Ephesians 4:30-32 (KJV)

30 And grieve not the holy Spirit of God, whereby ye are sealed unto the day of redemption. 31 Let all bitterness, and wrath, and anger, and clamour, and evil speaking, be put away from you, with all malice:
32 And be ye kind one to another, tenderhearted, forgiving one another, even as God for Christ’s sake hath forgiven you.

At some point, no doubt, you have been hurt.

Probably, a person you loved and trusted did something unthinkable—something so devastating it changed your whole perspective on that individual.

When this happens, we have a choice either to wallow in self-pity or to forgive.
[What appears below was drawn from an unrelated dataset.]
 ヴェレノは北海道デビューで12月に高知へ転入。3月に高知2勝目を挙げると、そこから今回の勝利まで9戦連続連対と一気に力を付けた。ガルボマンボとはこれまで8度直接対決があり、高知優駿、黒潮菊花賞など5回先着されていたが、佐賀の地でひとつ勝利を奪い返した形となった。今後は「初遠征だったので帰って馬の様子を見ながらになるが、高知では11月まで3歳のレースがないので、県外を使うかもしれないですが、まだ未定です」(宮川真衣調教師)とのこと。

Forgiveness is the act of giving up both the resentment we have toward someone and the desire to retaliate.

It involves three important steps.

First, we must release the general feeling of resentment.

That is, we must decide not to languish in our pain. This can be hard. Many people seem to enjoy harboring self-pity or an overarching sense of martyrdom. They sigh, “Oh, it’s just my lot in life to suffer.” No, it is not! You can choose to move past the hurt.
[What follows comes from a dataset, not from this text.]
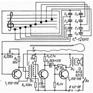 Эта установка позволяет исполнять простые музыкальные мелодии. Основой конструкции является панель, примененная в приборах для изучения музыкальной грамоты (см. рис. 22, а). Вместо нарисованных нотных знаков на панели укрепляются их металлические двойники, вырезанные из латуни или меди. Каждый из этих знаков соединен с конденсатором, включенным во входную цепь звукового генератора, собранного на транзисторе Т1. Таким образом, нотная линейка образует магазин емкостей. Вторым элементом управления музыкальной установки служит полоска-указка У с металлическим контактом на конце. Она является переключателем емкостей, а следовательно, и рабочей частоты генератора.
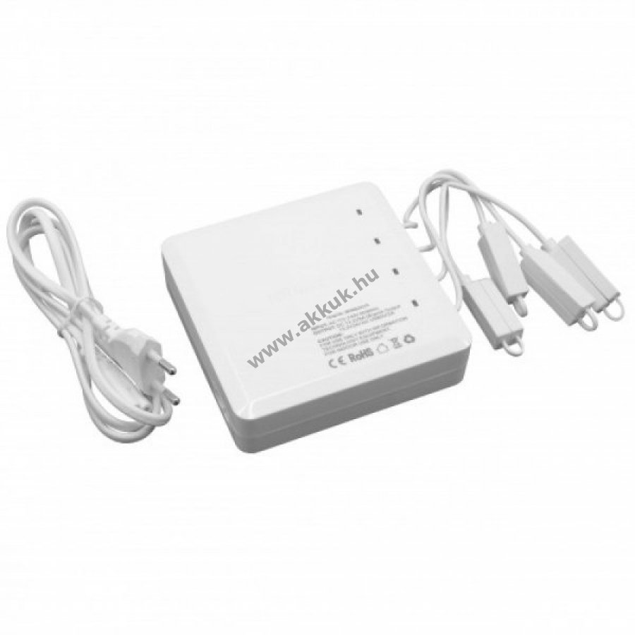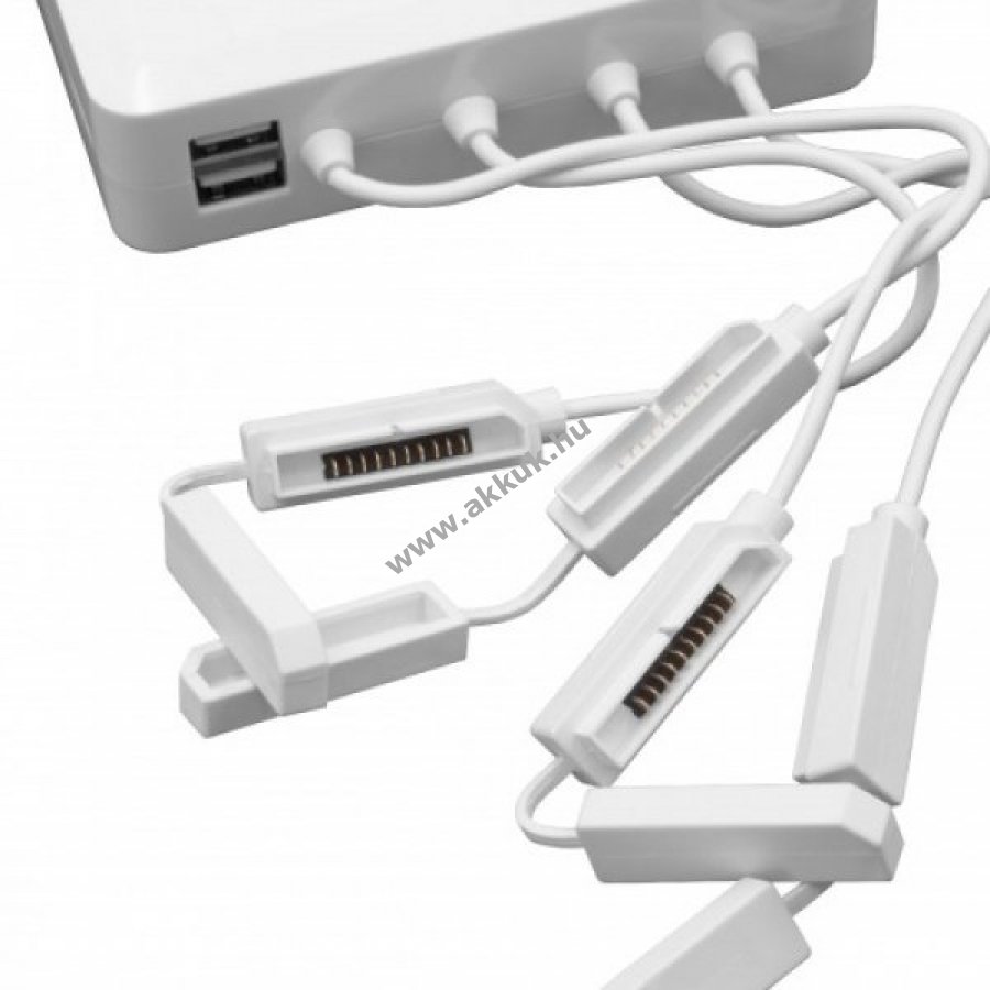 Interfészek száma: 4 akkumulátor csatlakozás, 2 USB port Töltési idő: 60 - 70 perc Ezzel a töltővel egyszerre négy DJI Mavic Air akkumulátort, a távirányítót és egy okostelefonot tölthet. A távirányító és az okostelefon töltése a 2 USB porton keresztül történik 4 LED töltésjelzővel piros: töltés zöld: teljesen feltöltve Túlfeszültség, túláram, túlmelegedés és túlterhelés elleni védelemmel Kábelhossz a töltőtől az akkumulátorig: 14,5cm

Second, we must surrender specific feelings of resentment toward the individual.

That means we’re to give up our anger at being hurt and also seek to restore the broken relationship.
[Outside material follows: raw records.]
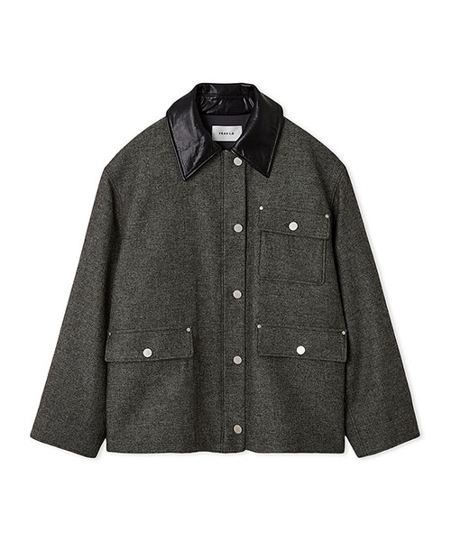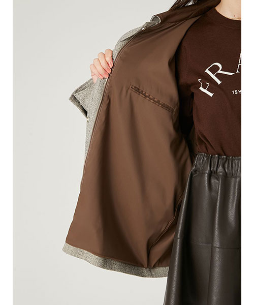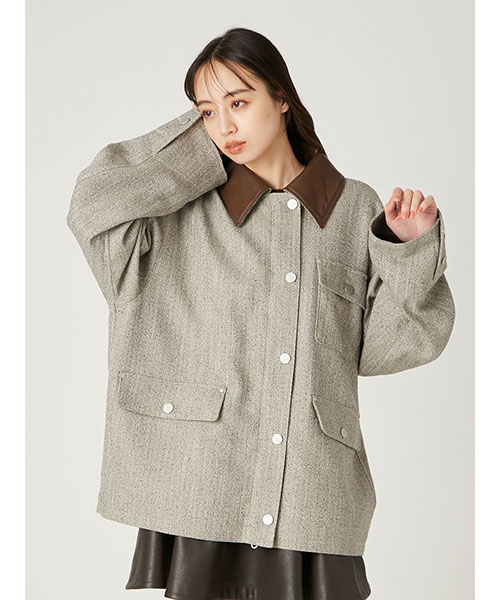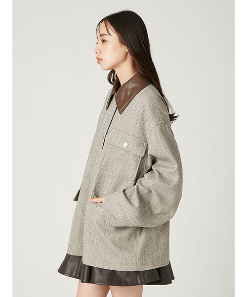 GRYは、ウール、レーヨン、ポリエステルをミックスしたエレガントなツイード調。襟はフェイクレザー。
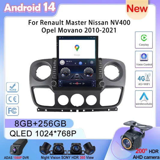 Car Android 14 For Renault Master Nissan NV400 Opel Movano 2010-2021 Navigation Touch Sereen Multimedia Player GPs 2din carplay
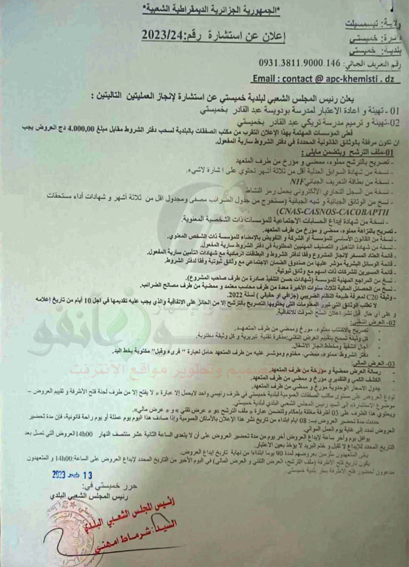 إعلان عن استشارة رقم 2023/24
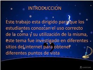 Este documento proporciona una guía sobre el uso correcto de la coma. Explica que la coma es un signo de puntuación que indica una breve pausa dentro de una oración o para separar oraciones y frases relacionadas con el mismo tema. Luego detalla los usos principales de la coma, como separar elementos en una lista, hacer incisos, separar complementos circunstanciales, y separar expresiones de enlace. Finalmente, concluye que la coma sirve para hacer pausas breves y separar diferentes elementos dentro de un texto.
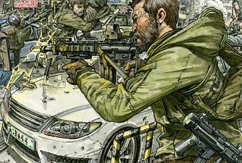 La couleur est faite au pinceau, dans des tonalités militaires, façon camouflage, qui correspond bien à l'ambiance et au thème de cette histoire.
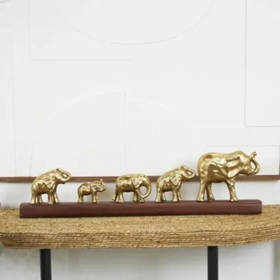 Style this piece on a mantle or console table paired with a glass vase and fresh greenery. Designed with felt or rubber stoppers at the base that prevent scratching furniture and table tops, as well as sliding around. This item ships in 1 carton. Please note that this item is for decorative use only. Aluminum sculpture makes a great gift for any occasion. Suitable for indoor use only. This item ships fully assembled in one piece. Made in India. This is a single gold colored statue. Glam style.
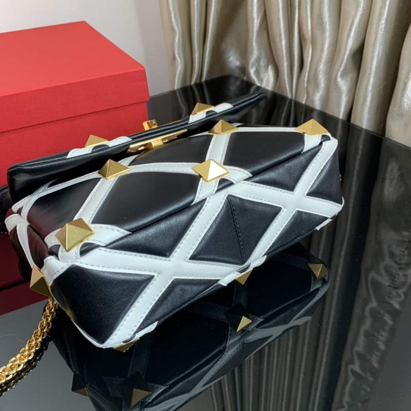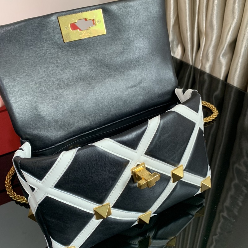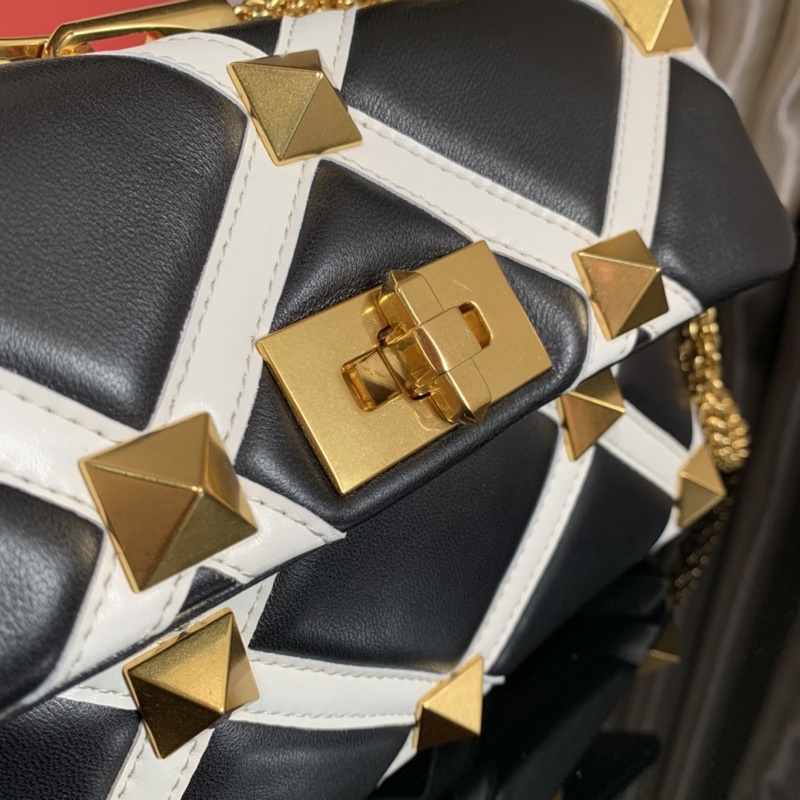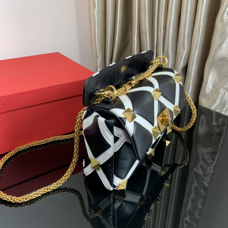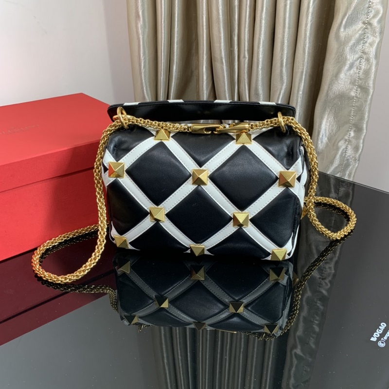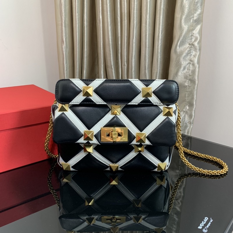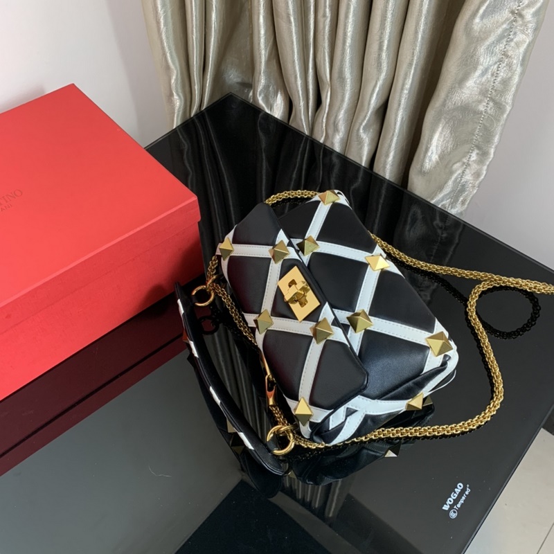 발렌티노 작은 다이아몬드 무늬 큰 스터드가 달린 작은 나파 가죽 체인 백 대형 스터드가 있는 퀼트 구조 탈착식 손잡이 슬라이딩 체인 트림 크로스 바디 / 어깨에 메거나 손으로 들 수 있습니다. - 프리즘 패턴을 강조하는 톱스티치와 어울리는 색상의 톱스티치 나파 가죽 - 빈티지 브라스 효과 금속 리벳과 피팅 - 트위스트 락 잠금 - 나파 가죽 내부: 지퍼형 포켓 - 크기: 가로 25 x 세로 16 x 깊이 10cm - 모델 번호: 2060S Rhombus No.: SX86181160

Third, we lay down all claims to retribution.

You cannot forgive someone with your words while secretly wishing him or her harm. True forgiveness seeks the other person’s good, not punishment.

Forgiveness says, “Though you hurt me, I choose to pardon you. I won’t dwell on this, nor will I allow it to destroy my life or attitude. I won’t spend one minute plotting revenge. You are God’s precious child, and I love you.”

Truly, forgiving another person carries a price, but the rewards are worth it.

Unleash the power of forgiveness in your life today.